As described in detail above, according to the present invention, the rolling motion (rolling direction: rotational movement in the rope direction) of a suspension vehicle such as a gondola is damped by applying a braking force using a control moment gyro. In this case, when the gimbal shaft takes the rotation angle θ, it is possible to cancel the torque in the yaw direction (along the creeping direction) which is proportional to sin θ. Further, since it is not necessary to mechanically connect the control moment and the gyro, there is no restriction on the arrangement, which is very advantageous. Further, the torque in the pitch direction (direction orthogonal to the roll and yaw directions) generated as a reaction force of the torque necessary for gimbal axis control can be canceled.

[Brief description of drawings]

FIG. 1 is a configuration diagram showing a vibration damping device according to a first embodiment of the present invention.

FIG. 2 is a configuration diagram of a vibration damping device according to a second embodiment of the present invention.
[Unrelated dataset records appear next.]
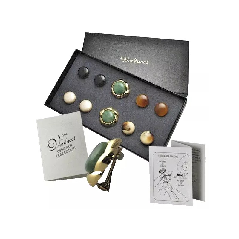 Elevate your style with these stunning Verducci interchangeable earrings. These earrings feature a magnetic setting style that makes them easy to wear and interchange with other gemstones. The earrings are made of yellow gold plated brass with a gold plate finish, and they come in a classic round shape with a 1-inch diameter. Perfect for any occasion, these earrings have a timeless appeal that makes them a great addition to any jewelry collection. Whether you're dressing up for a wedding, graduation, or birthday, these earrings will add a touch of elegance and sophistication to your outfit. With ten beautiful gemstones that look like real gems, these earrings are a must-have for any fashion-forward woman.
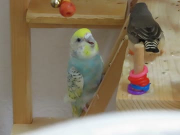 階段でウトウト&キョロキョロインコ キンカチョウも映る2025年7月17日
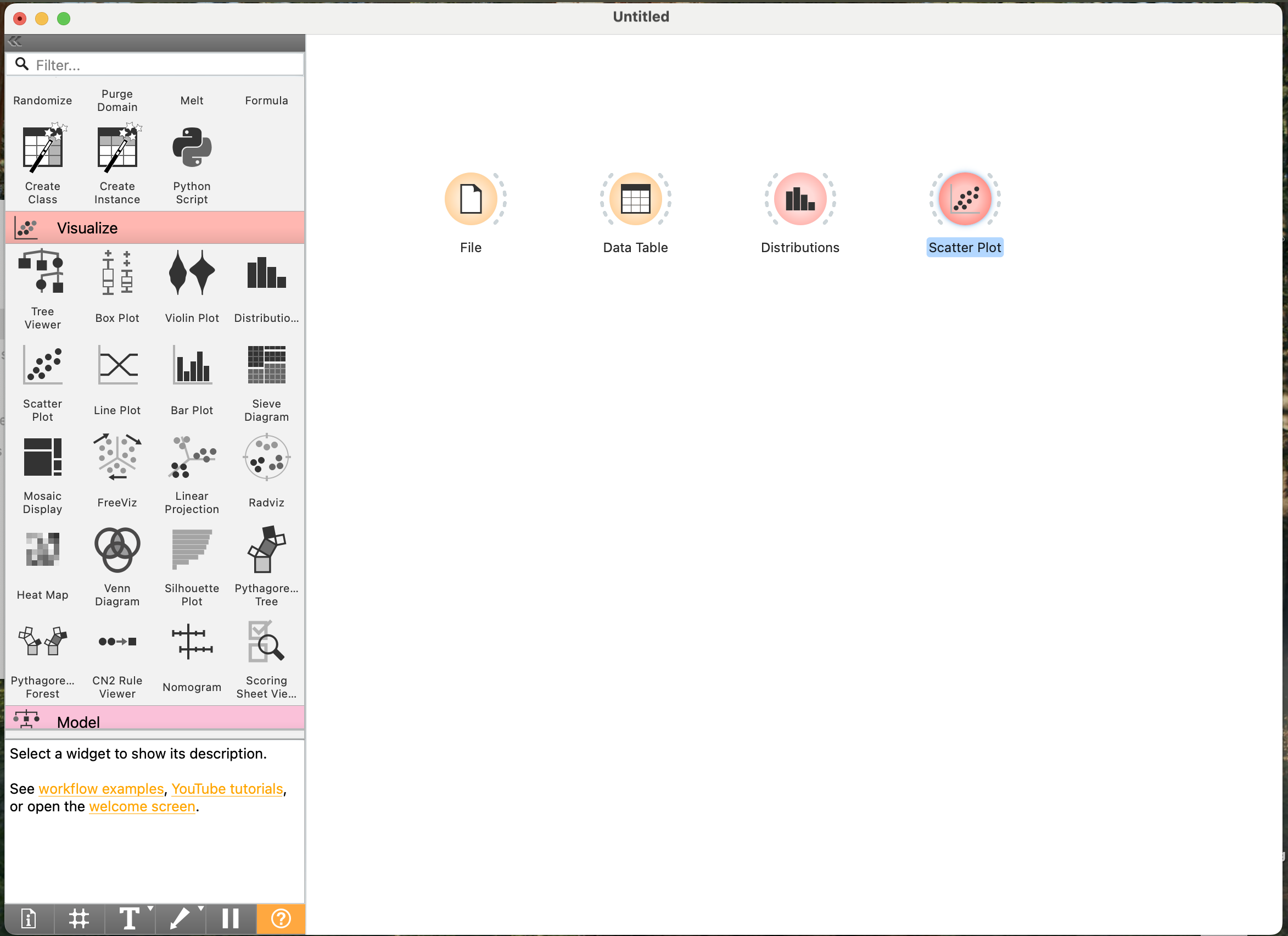 File,Data Table,Select Columns). - Visualize: Các widget để tạo biểu đồ và trực quan hóa dữ liệu (ví dụ:
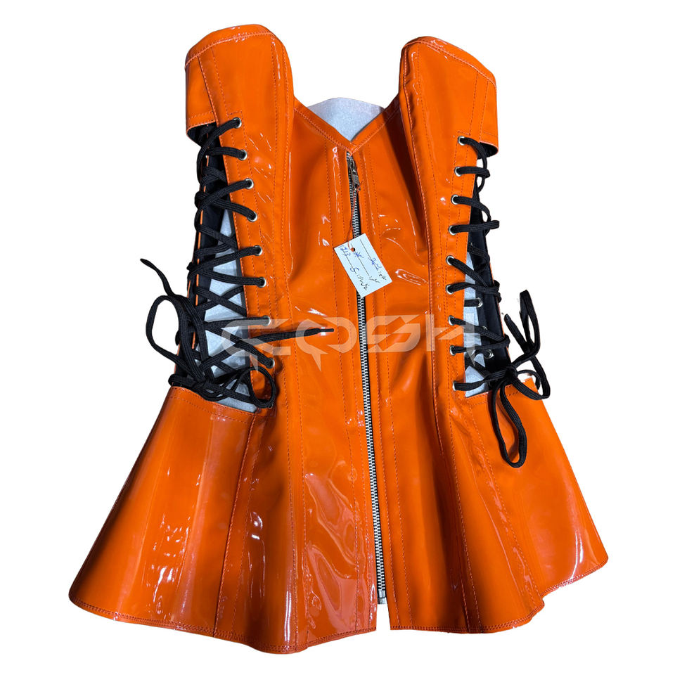 คอร์เซ็ตทรงโอเวอร์บัสต์สีส้มเงาสูง ผลิตจาก PVC พร้อมโครงเหล็กเสริม ซิปด้านหน้า และเชือกผูกปรับได้ด้านข้าง
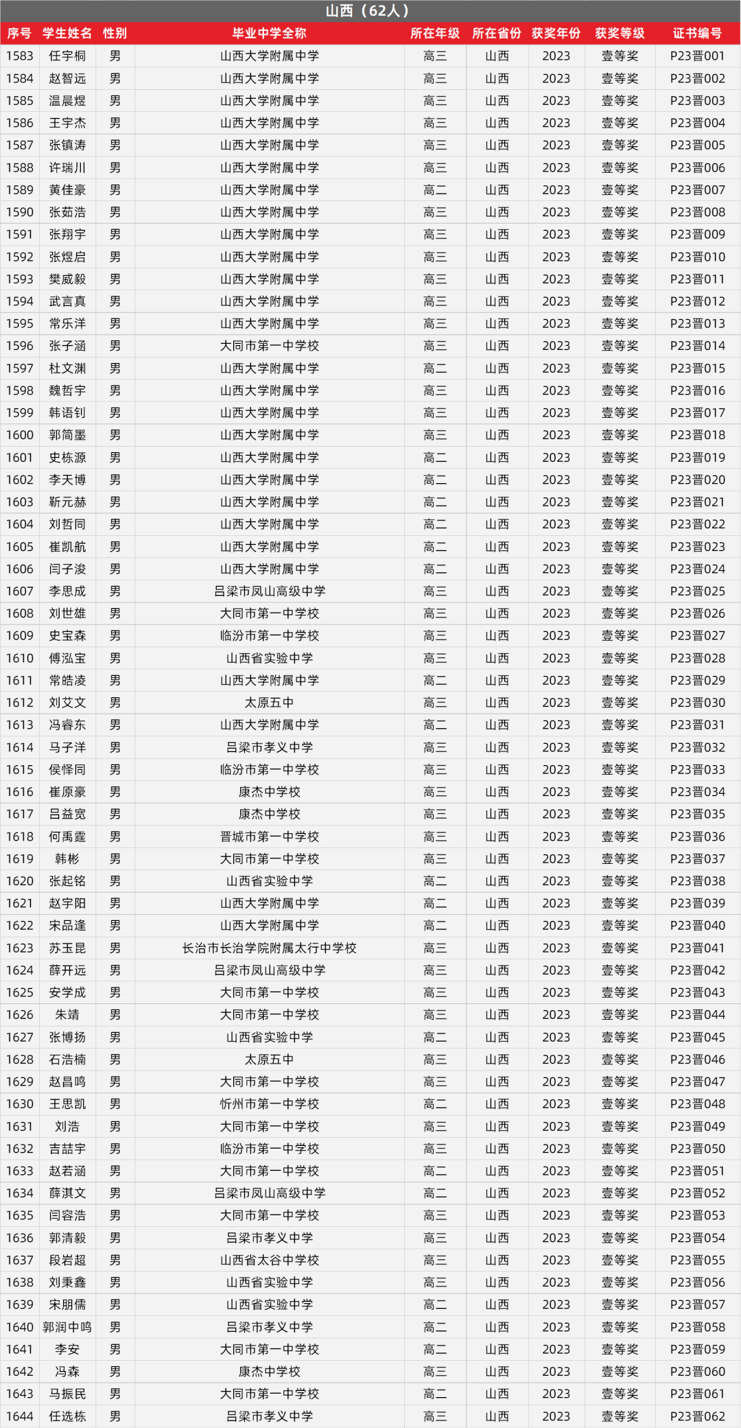 22. 山西物理竞赛获奖名单
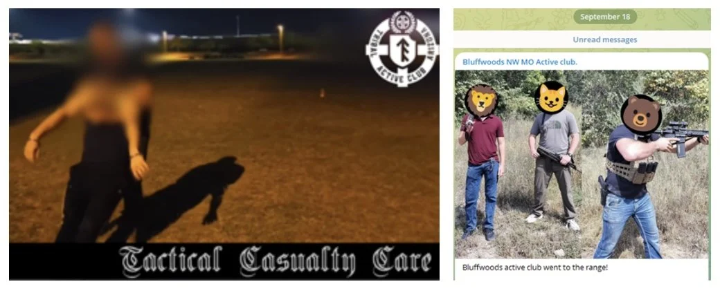 In several instances, Active Clubs in the US (who are supposed to only show street activism and sports publicly) have shared details on Telegram about militia-training activities, including shooting drills and tactical casualty care.

FIG. 3 is a diagram showing an example in which the vibration damping device according to the present invention is mounted on a gondola.

[Explanation of symbols]

1 ... Gondola, 2 ... Control device, 11, 12 ... Control moment gyro, 13 ... Gimbal frame, 14 ...
Flywheel, 15, 16 ... Spin bearing, 17 ... Spin motor, 18 ... Gimbal shaft, 19, 20 ... Gimbal bearing 21, 22, 22 ... Electric motor (generator), 23 ... Load resistance, 31, 32 ... Hydraulic motor ( Hydraulic pump), 33 ... Piping, 34 ... Hydraulic orifice.

Claims (1)

[Claims] 1. A pair of control moment gyros having a flywheel that rotates at high speed, and a pair of electric motors (generators) or hydraulic motors (hydraulic pumps) connected to the gimbal shafts of the control moment gyros. A vibration damping device, comprising: a torque absorbing device including the above; and an electrical or hydraulic resistance connected as a load of the torque absorbing device.